The Politics of Money

At present too few of us understand the financial system well enough to know how to reform it, even though, as J.K. Galbraith once remarked, ‘the process by which the banks create money is so simple, the mind is repelled’. But after the events of the last few years all of us can appreciate that the creation of credit is fraught with the potential for abuse. And even a brief examination of the historical record shows that privately owned banks have repeatedly jeopardised the common wealth by exploiting the arcane power of debt creation. Finance should be subject to a prolonged inquiry by the population organized as publics to determine whether and how it should be reformed. Perhaps they will conclude that the central banks in Britain and the United States should only give money to state institutions, either as loans or transfers, as circumstances dictate. State-owned development banks could fund industrial expansion in particular regions and sectors and defined publics would exercise responsible control over their activities. Private banks could continue to take deposits from private investors and use them to make loans. But they would no longer have access to the state’s capacity to generate near limitless credit; they would no longer be able to create bubbles in asset markets; they would no longer need to be bailed out by taxpayers who do not understand and are required to believe, the fate of the sucker through the ages.

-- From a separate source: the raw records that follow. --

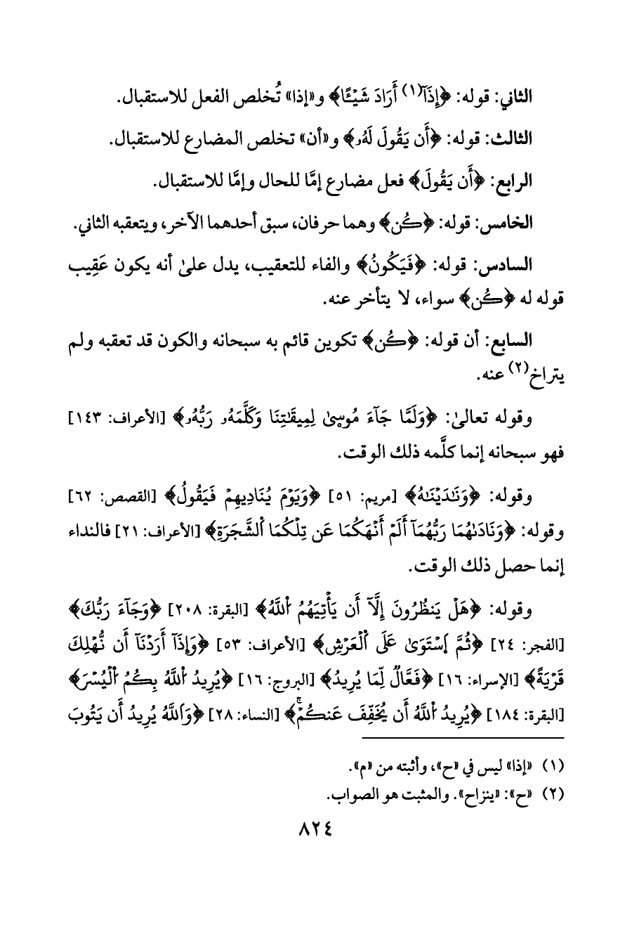 وقوله: {هَلْ يَنظُرُونَ إِلَّا أَن يَأْتِيَهُمُ اُللَّهُ} [البقرة: ٢٠٨] {وَجَاءَ رَبُّكَ} [الفجر: ٢٤] {ثُمَّ اَسْتَوَى عَلَى اَلْعَرْشِ} [الأعراف: ٥٣] {وَإِذَا أَرَدْنَا أَن نُّهْلِكَ قَرْيَةً} [الإسراء: ١٦] {فَعَّالٌ لِّمَا يُرِيدُ} [البروج: ١٦] {يُرِيدُ اُللَّهُ بِكُمُ اُلْيُسْرَ} [البقرة: ١٨٤] {يُرِيدُ اُللَّهُ أَن يُخَفِّفَ عَنكُمْ} [النساء: ٢٨] {وَاَللَّهُ يُرِيدُ أَن يَتُوبَ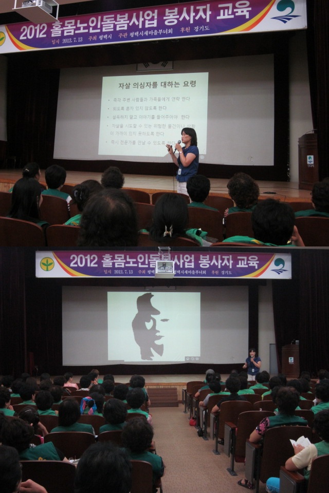 2012년 7월 13일 오후 2시부터 2시간여에 걸친 시간동안 노인상담 및 자살예방에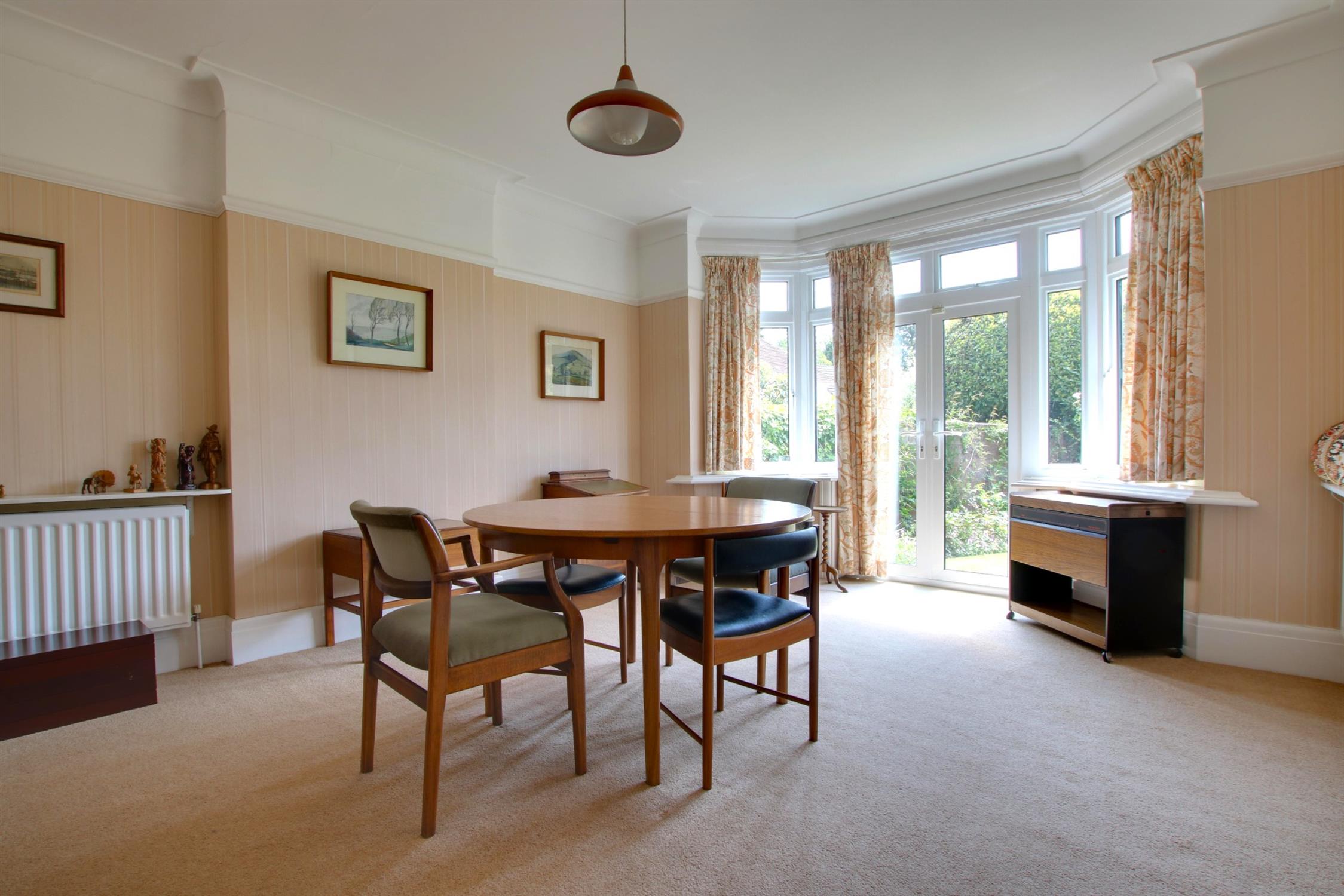 Carpeted. Picture rails. High skirting boards and coving. Triple glazed bay window with double doors leading to garden. Two radiators.

Of course a public system of credit might lead to reckless cronyism or bureaucratic torpor. But the current system already does. Employee-owned companies might become unjust and sclerotic. But the corporations they would replace already are. Once generally distributed knowledge can provide the basis for legislation the people might still decide that the current structure of the private sector cannot be improved without unacceptable risks. Or they might decide to abolish private property and try to create a world without exploitation. My own hope is that they will move to democratise the workplace and the system of credit in the context of a steady shift from private opulence to public justice.